CNBC has learned that BlackRock Chairman and Chief Executive Laurence D. Fink met with Merrill Lynch co-president Gregory Fleming on Friday, in the midst of widespread speculation that current Merrill Chief Executive Stanley O'Neal will be gone from the firm this weekend.
News of the reported meeting came after O'Neal told associates that he's likely to be ousted as CEO in the coming days as the big brokerage firm's financial problems mount.
This week, Merrill announced a massive loss resulting from a write down of $8.4 billion of bad bonds and other securities held on its books. Merrill is likely to announce another writedown in the fourth quarter as well.
Word of O'Neal's looming ouster immediately boosted Merrill's shares after they fell following the earnings report.

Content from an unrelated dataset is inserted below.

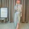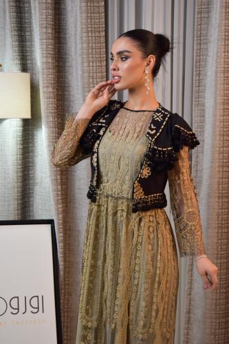 طقم طويل بلون ذهبي وأسود بلمسة راقية

It was O'Neal's strategy of increasing the firm's risk profile in the credit markets that led to big profits in recent years, but it is this same strategy that is behind the big losses that the firm is experiencing.
The huge writedown came after Merrill previously announced that it would write down $5 billion of losses; the massive increase caught investors and Merrill Lynch board members by surprise.
The final straw for O'Neal came after a report that he met with the CEO of Wachovia Bank for a possible merger that was seen as a desperation move by board members already angered by the huge writedowns, people close to the matter say.
Wachovia has a huge brokerage salesforce of its own, and the move was seen as a slap in the face to Merrill's own salesforce, the largest on Wall Street, which would have had to merge with a lesser known rival.
Three Emerge as Possible Successors
Among those considered to replace O'Neal are BlackRock Chief Executive Larry Fink, NYSE Euronext CEO John Thain and Merrill senior executive Robert McCann, according to people familiar with the situation.
A spokeswoman for BlackRock, an asset manager in which Merrill holds a large stake, declined to comment, saying the company does not comment on market speculation and rumors. NYSE spokesmen were not immediately available to comment.
Fink's candidacy has gathered steam because he is considered one of the top U.S. bond managers. He also is seen as someone who can remedy Merrill Lynch's fixed-income problems after the company wrote down $8.4 billion, mostly because of bad bets on subprime loans and collateralized debt obligations.
Thain has a blue-chip Wall Street resume, with credentials sharpened by running NYSE and his time as a former co-president at Goldman Sachs .
McCann oversees Merrill's more than 16,000 brokers and as president of its global private client service, runs a business that has been insulated from the credit-loss turmoil that weakened O'Neal's grip on the company.
Merrill shares are down 31 percent this year. At a company-wide meeting Wednesday, some Merrill employees told O'Neal that they were worried that the company's credit woes would hurt their pay and jeopardize their jobs.
Merrill employees, on average, are on track to be the worst paid on Wall Street this year, according to top investment banks' results for the first three quarters.
"A whole bunch of people are working hard to get him fired at the moment," said Dick Bove, an analyst at Punk Ziegel & Co. "I think that's clear. Whether they are going to be successful in that is really hard to say."